The primary endpoint of an ACR20 score at week 12 was met.
At Week 12, more than half (51.1%) of patients in the CZP treatment group achieved ACR20 response versus the control group (25.9%).
Additional efficacy evaluated in the trial included ACR50/70 response rates, as well as the DAS28[CRP] disease activity score and the Health Assessment Questionnaire-Disability Index (HAQ-DI) measuring physical function.
Clinical responses among patients in the CZP treatment group were rapid. ACR 20/50 responses were significantly superior to control (31.8% vs 8.5% and 9.6% vs 1.4%, p<0.001 for both) from the first time point (week 2) onwards.
Significant improvements in DAS28[CRP] were reported among patients treated with CZP vs. the placebo group.
In addition, CZP patients reported rapid and significant improvements in HAQ-DI vs. placebo at the first time point measured (week 2).

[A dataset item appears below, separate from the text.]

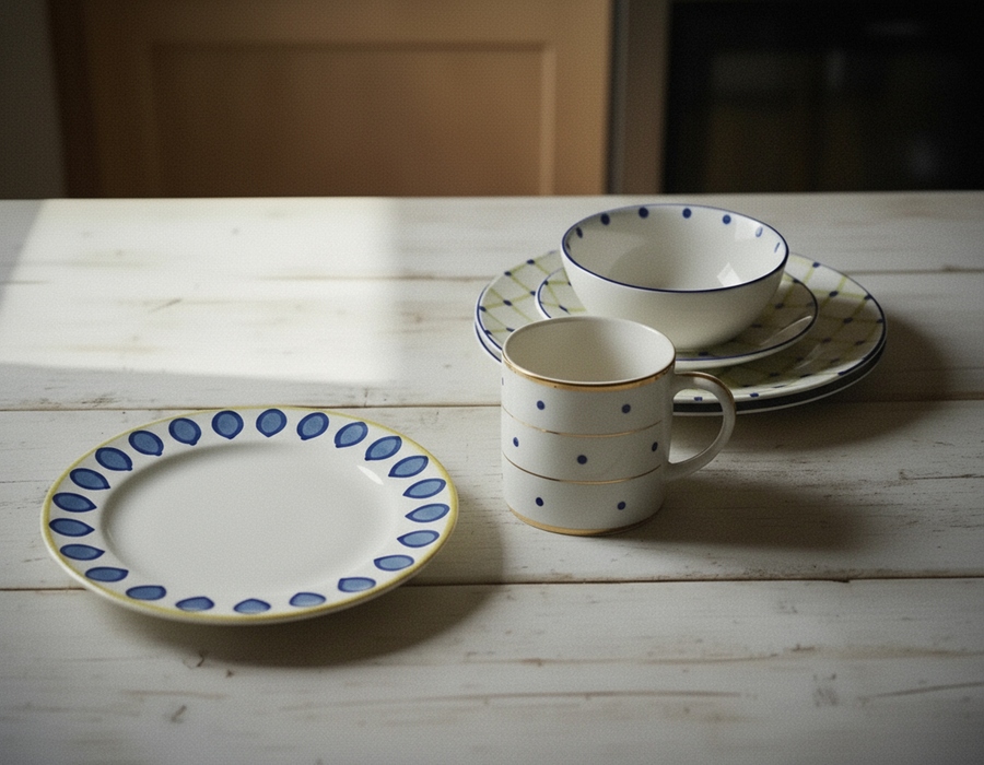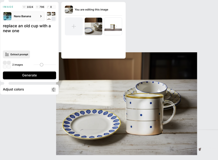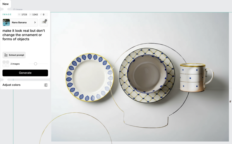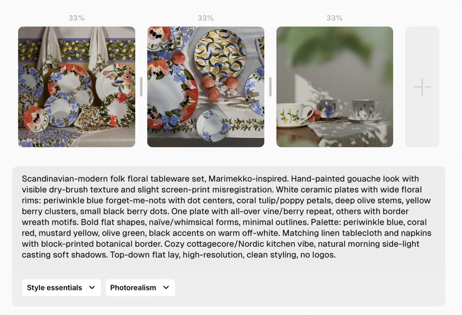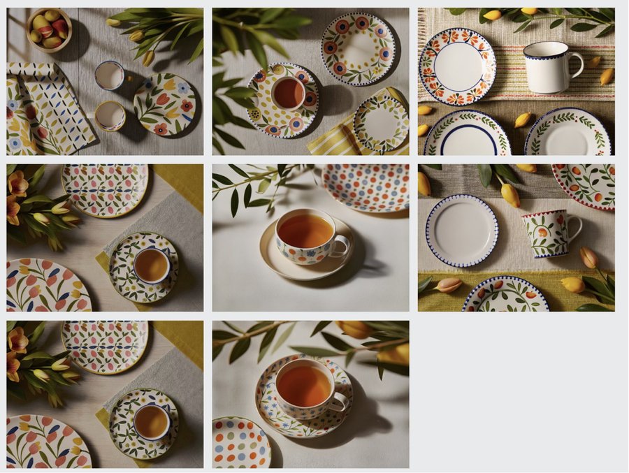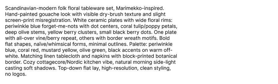 Сперва я использовала простые промпты по типу «plates on a table» и искала симпатичные вариации.

Similar ACR20 responses were seen across the various patient populations regardless of baseline disease duration or activity; baseline use of methotrexate; or prior use of TNF-inhibitors.
ACR50 and ACR70 responses at week 12 were 26.6% and 13% for patients treated with CZP compared to the placebo group (9.9% and 2.8% respectively).
Treatment with CZP was generally well tolerated.
Adverse and serious adverse event rates were comparable between CZP and placebo treatment groups with no new safety signals observed through week 12.
The most common serious infections were lower respiratory tract and lung infections.
The most common adverse events were infections and infestations, musculoskeletal and connective tissue disorders, and nervous system disorders.